Chipunks left the inventory decades ago. We've gone through two batches of Musketeers and one of Slingsby Fireflies since then, and are now on Grobs. Instructors on those are civ, though.

King Airs are also in Portage for mult-engine training.

None of these Instructor postings are open to first-tour Pilots, though.

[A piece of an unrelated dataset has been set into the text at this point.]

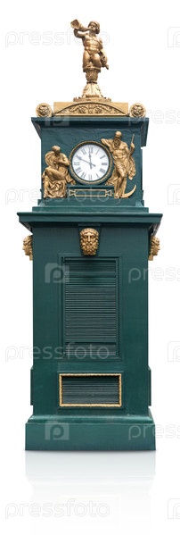 Винтажные уличные бронзовые часы с золотыми фигурами. Элемент дизайна с обрезкой пути
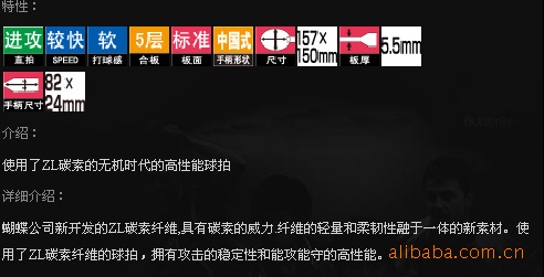 蝴蝶公司新开发的ZL碳素纤维,具有碳素的威力.纤维的轻量和柔韧性融于一体的新素材。使用了ZL碳素纤维的球拍,拥有攻击的稳定性和能攻能守的高性能。

SAR (Old Hercs, Buffs, Cormorants, and Griffons) are in Comox, Cold Lake, Winnipeg, Trenton, Bagotville, Goose Bay, and Gander.


----------



## brihard (7 Mar 2019)

Is there not also still 440 squadron in Yellowknife flying Twin Otters for transport and SAR?


----------



## Loachman (7 Mar 2019)

Yes. I thought that I'd forgotten somebody, but couldn't remember whom.


----------



## FSTO (8 Mar 2019)

Loachman said:
			
		

> And Valcartier and St-Hubert (Montreal).
> 
> Chipunks left the inventory decades ago. We've gone through two batches of Musketeers and one of Slingsby Fireflies since then, and are now on Grobs. Instructors on those are civ, though.
> 
> ...



So I didn’t do too bad!


----------